Размер шрифта
-
+

Ахматова, то есть Россия - стр. 11

К встрече Берлина с Ахматовой в России в 1945 году и возникшими из – за нее последствиями для поэтессы я еще вернусь – последствиями как жизненными, так и поэтическими. Насколько первые были непредсказуемыми и страшными, настолько вторые расцвели циклом прекрасных стихов.

Тогда, в Англии, у Ахматовой состоялись еще две встречи с прошлым. Она встретилась с Борисом Анрепом, художником и создателем знаменитых мозаик, эмигрировавшим в 1917 году из России, которому посвящен ряд ее любовных стихотворений. А также – с княгиней Саломеей Гальперн, урожденной Андрониковой, «соломинкой», увековеченной Мандельштамом в книге стихов «Tristia». На обратном пути Ахматова провела три дня в Париже. Остановилась в отеле «Наполеон» на авеню Фридланд. Эти три дня ее сопровождал, точно еще один дух из прошлого, Георгий Адамóвич, поэт и критик, проживший в эмиграции много лет.

В первый день они ездили по шумному летнему Парижу, и Ахматова посещала места, знакомые ей с молодости. В том числе – дом на улице Бонапарте между Сеной и бульваром Сен –Жермен, где, глядя на окна третьего этажа, она вспоминала о Модильяни. Прошло более полувека с момента, когда никому неизвестный художник сделал несколько десятков набросков и рисунков молодой, стройной и тоже неизвестной русской поэтессы.

На другой день Ахматова и Адамович гуляли по Булонскому лесу, а на следующий – долго разговаривали на террасе ресторана «Ля Куполь» на Монпарнасе, который перед войной был местом длительных ночных встреч парижской богемы и русских эмигрантов. Вокруг шумел город, который в большей степени напоминал Париж начала ХХ века, нежели современный Ленинград походил на дореволюционный Петербург – место ее утраченной молодости.

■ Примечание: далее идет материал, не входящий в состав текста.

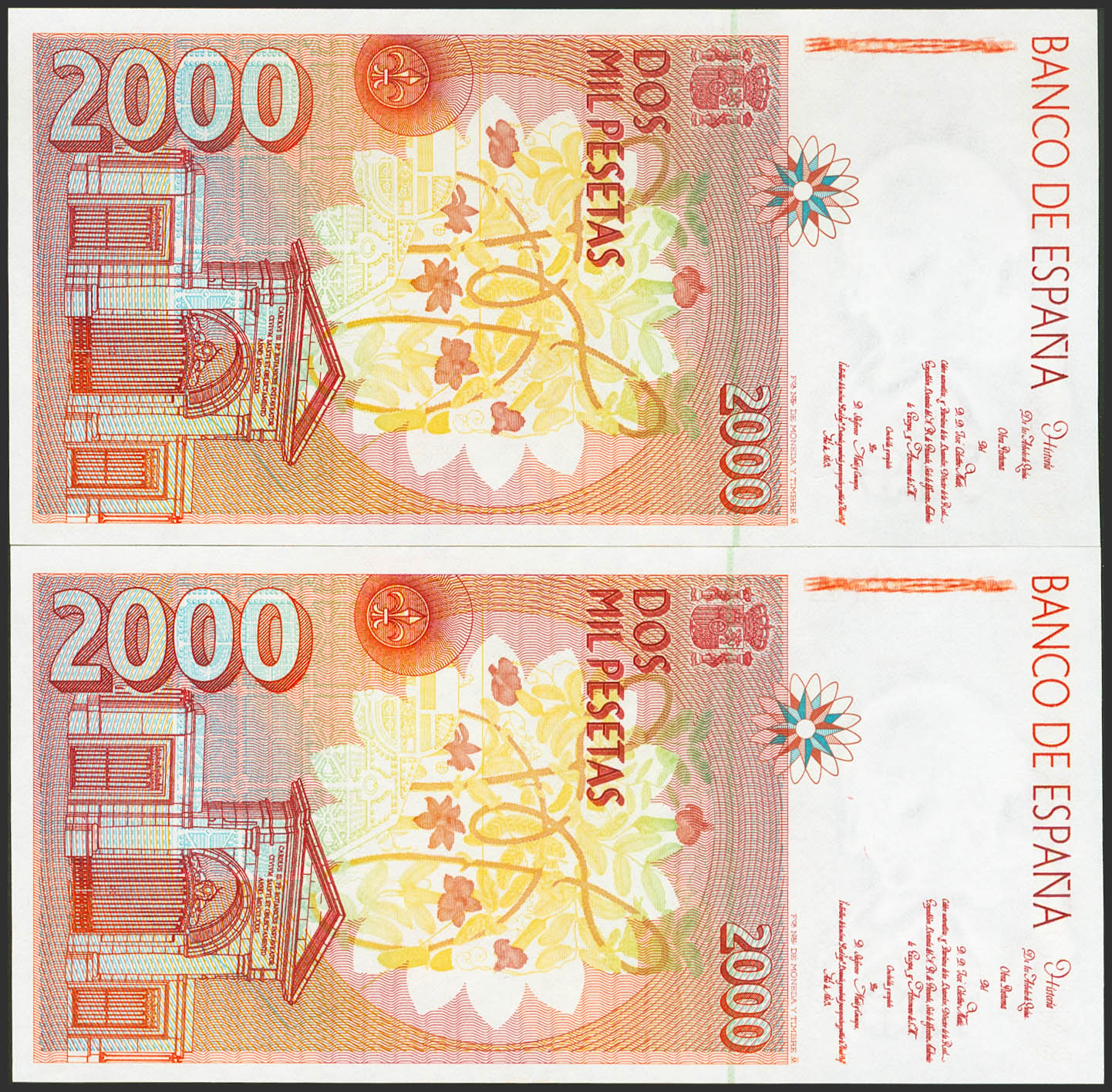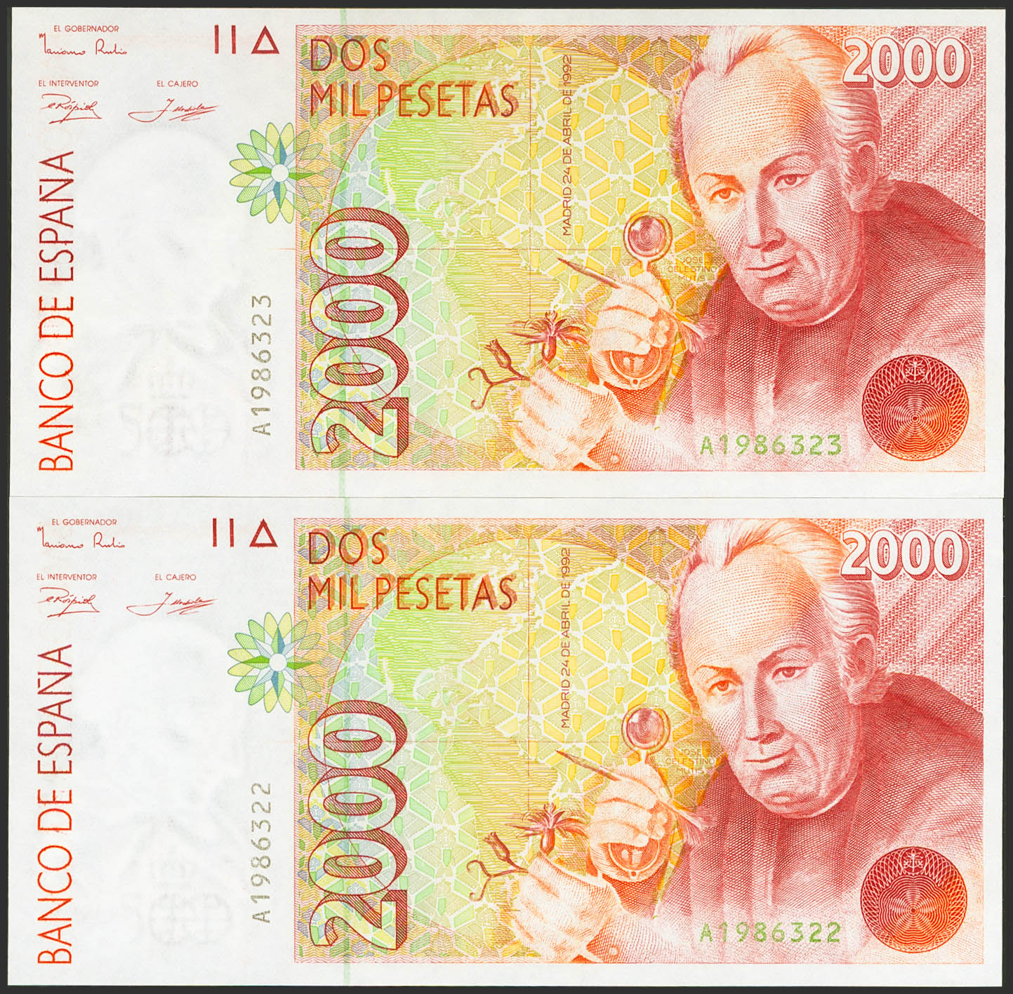 2000 Pesetas. 24 de Abril de 1992. Pareja correlativa. Serie A. (Edifil 2023: 482a). SC.

Напротив «Ля Куполь» от бульвара отходили маленькие, узкие улочки: Вавен, Гран Шомьер, де Шеврёз. Здесь в начале века, в старых тесных домах, часто на чердаке, подобно Модильяни, проживал Болеслав Лесьмян. В течение года он и Модильяни даже жили в одном доме. Может быть, он встречал ее на лестнице, когда та вбегала на самый верх в мастерскую Модильяни? Много ли осталось от той молодой женщины во властной, седой и уже очень измученной Ахматовой, сидящей на террасе ресторана?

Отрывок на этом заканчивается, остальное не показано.